Ms Denham also told the audience that only one in four adults trust businesses with their data, and that law firms should see themselves as ‘the guardians of trust in a digital age’. So there is an opportunity for firms to market their high levels of security, and to build that relationship of trust with consumers and businesses, who see perhaps too many commercial organisations fail to take sufficient care of their data. This sits very well alongside the notion of solicitors as trusted advisers.

The burdens

Reporting burdens will increase significantly under the GDPR.

It will be mandatory to report to the ICO any breaches likely to result in a risk to the rights and freedoms of individuals. This must be done within 72 hours of becoming aware of the breach. Failure to notify a breach can result in a fine of up to two per cent of turnover – in addition to the fine for the breach itself (on which, more below).

We will also need to notify the individual of a breach if it is likely to result in a high risk to their rights and freedoms (a higher threshold than for notification to the ICO).

Firms will need to invest in training staff carefully as to what constitutes a breach and what must be reported.

In light of the very tight timescales for reporting and the hefty fines involved, firms will also need to put in place a robust breach detection system, plus good investigation and internal reporting procedures.

Rules around subject access requests also become more difficult, again with significant fines for getting it wrong. These rules were complex under the old regime: they are about to become a whole lot worse.

The risks

The fine for non-compliance has risen from £500,000 under the Data Protection Act, to up to four per cent of turnover, or €20m.

The risk of breaches being identified is higher because consumers (or clients) are becoming ever more aware of their rights.

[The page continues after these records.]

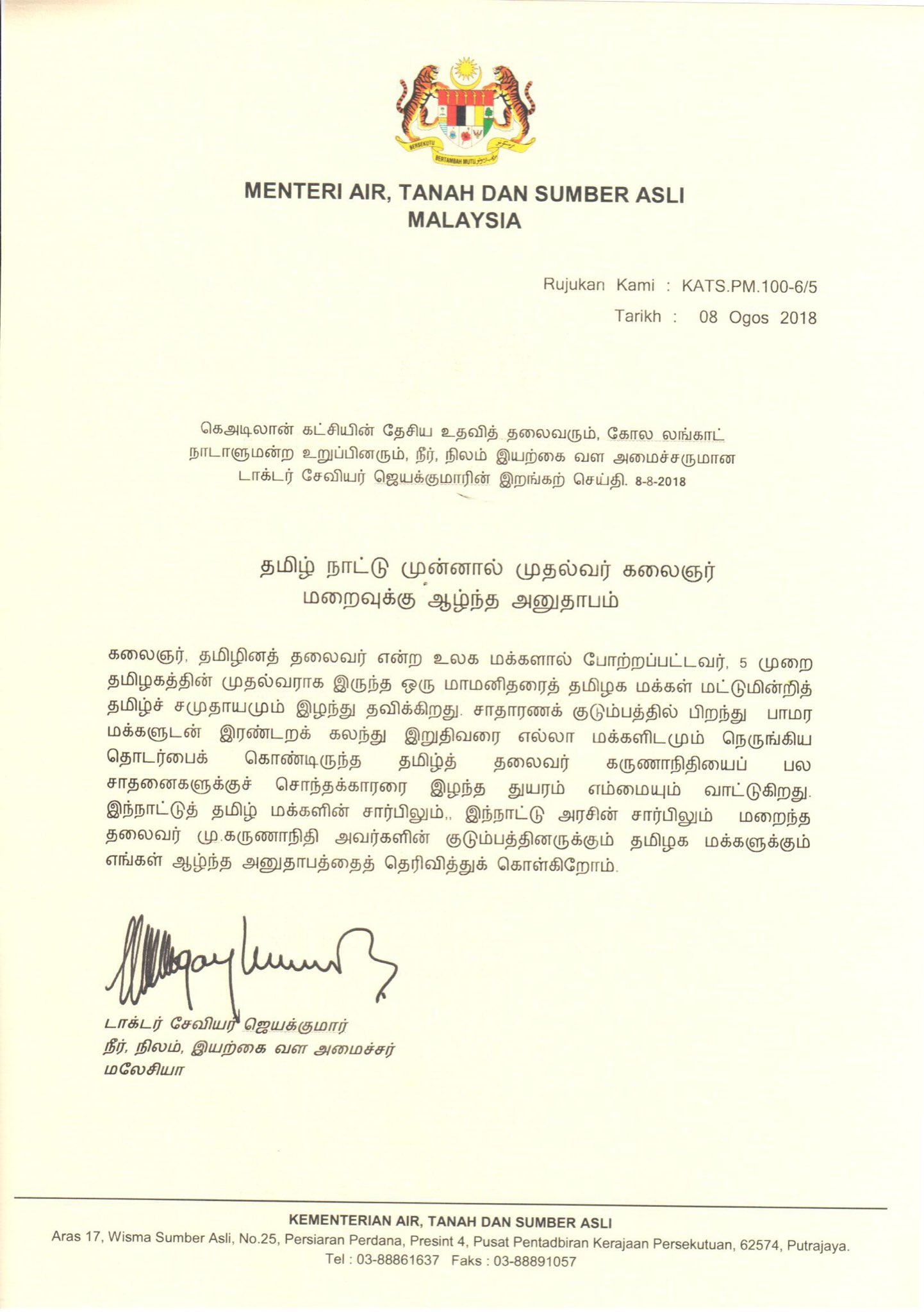 Dr Xavier Jayakumar On Twitter My Condolence Note In Bahasa Malaysia Official And English To Mkstalin And Family For The Loss Of Tamil Nadu Leader And Former Cm Kalaignar Dr M Karunanidhi
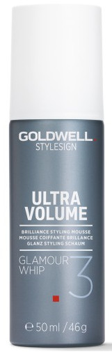 Pečující objemová pěna Goldwell Style Sign Ultra Volume Glamour Whip pro pocit hustějších a zářivějších vlasů. Vhodná pro jemné až normální vlasy. Silně tužící přípravek dodává mdlým, zplihlím a namáhaným vlasům potřebnou péči, objem a zářivost.
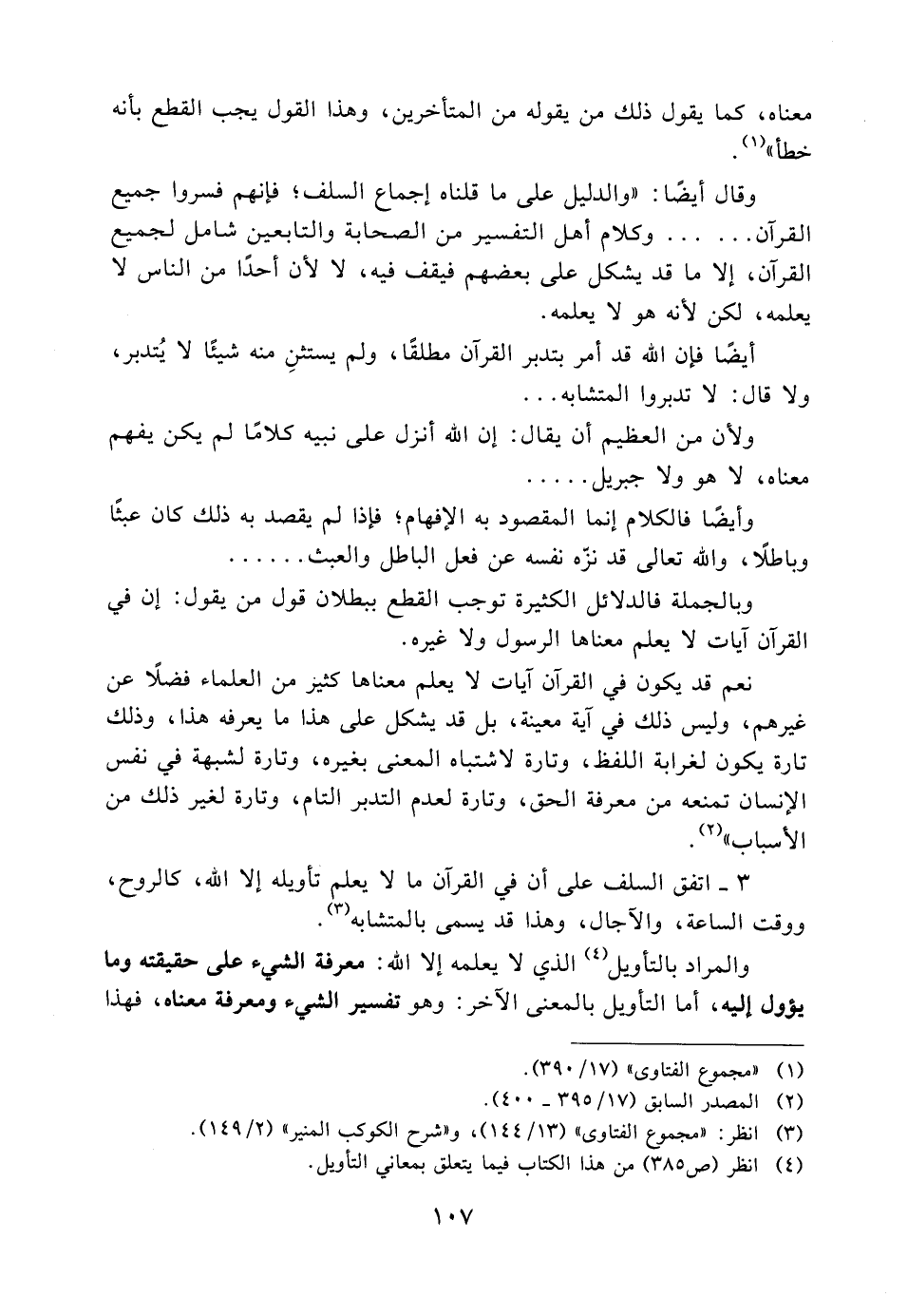 والمراد بالتأويل (4) الذي لا يعلمه إلا الله: معرفة الشيء على حقيقته وما يؤول إليه، أما التأويل بالمعنى الآخر: وهو تفسير الشيء ومعرفة معناه، فهذا مما
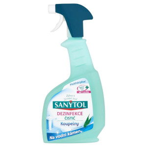 Sanytol vyvinul dezinfekční čistič koupelny, bez chlóru, který odstraňuje vodní kámen, rozpouští mýdlové usazeniny, zabraňuje tvorbě plísní a dezinfikuje v jediném kroku.

Some 18,300 cases were brought to the ICO last year, an increase of 2,000 on the previous year. Meanwhile, the ICO is busy recruiting staff to beef up its operation in Wilmslow, and has already said that it has law firms in its sights.

A serious data breach will also need to be reported to the Solicitors Regulation Authority (SRA), which could take action against a firm for a breach of principle 10 of the SRA Code of Conduct (protecting client money and assets).

Data breaches would also leave firms vulnerable to civil claims for damages from individuals whose data we misuse; they can sue for breach of the GDPR, misuse of private information, and/or breach of confidence.

Firms also risk criminal prosecution. 21 convictions were secured last year: six for non-notification offences; four for failing to respond to an information notice; and 11 for unlawfully obtaining data. These numbers may look relatively low, but they add up to a 50 per cent increase in criminal prosecutions, and the numbers are unlikely to stop there.

What firms need to do

We certainly need to take the new regulation seriously: there is too much at stake not to. If there are any firms out there which haven’t yet embarked on a rewrite of policies and procedures, together with a training programme – now may be a good time to start. The longer you leave it, the harder it will be.

The longer strategic play is not just about avoiding fines, it’s about winning customer confidence and being seen as the kind of business that can be trusted. The firms which can get it right – which are prepared to buy into the whole notion from boardroom level down, and train their staff properly – will be the winners in the new GDPR environment.